A PartiQL deep dive: Understand the language and bring SQL queries to AWS non-relational database services
It’s data, data everywhere! To turn data into information, and information into insight, we need to understand our data to its full extent and make use of the statistics derived from it. Applying the obtained results successfully while making business decisions remains a challenge for most organizations, even today. This is partly due to the way the data is stored and the way it’s retrieved. It can be highly structured or unstructured, which makes it difficult for organizations to read or understand the data. Therefore, it’s essential to have a language that can read relational or non-relational data.
PartiQL is a SQL-compatible query language that makes it easy to efficiently query data, regardless of where or in what format it’s stored.
As long as the query engine supports PartiQL, it can process structured data from relational databases (both transactional and analytical), semi-structured and nested data in open data formats, and even schema-less data in NoSQL or document databases that allow different attributes for different rows.
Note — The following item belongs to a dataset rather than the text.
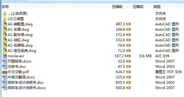 CAD在机械制造行业的应用最早使用也最为广泛。目前其最主要的应用涉及到机械,电子,建筑等工程领域。世界各大航空,航天及汽车等制造业巨头不但广泛应CAD/CAM/CAE技术进行产品设计,而且投入大量的人力,物力及财力进行CAD/CAM/CAE软件的开发,以保持行己技术上的领先地位和国际市场上的优势。PRO/E在复杂机械工程中应用,这样不但可以提髙设计质量,缩短工程周期,还 可以节约大量的建设投资。传统的卸车设计与开发,一般在完成概念设计、方案论证和产品设计后,还要进行样机试制及验证。随着三维CAD技术的成熟及大规模推广应用,虚拟样机技术逐渐成熟起来,借此工程技术人员可以在计算机上建立自卸车的三维模型,模拟在现实环境下自卸车举升机构的运动和动力特性,并根据仿真结果进行优化设计,确定举升机构的布置方案,以在设计早期确定关键的设计参数,达到缩短开发周期,降低成本,提高产品质量的期望。

PartiQL is easy and familiar for SQL users because it’s compatible with SQL-92. A developer or architect should understand the capabilities of PartiQL when developing applications or interacting with databases that use PartiQL as the query language. PartiQL separates the syntax and semantics of a query from the underlying data source and data format. It enables you to interact with data with or without a regular schema.
In this post, we explain some of the important PartiQL features and basics so you can effectively use the language to explore databases that require PartiQL knowledge. Unlike traditional SQL, the PartiQL query language also meets the needs of NoSQL and non-relational databases.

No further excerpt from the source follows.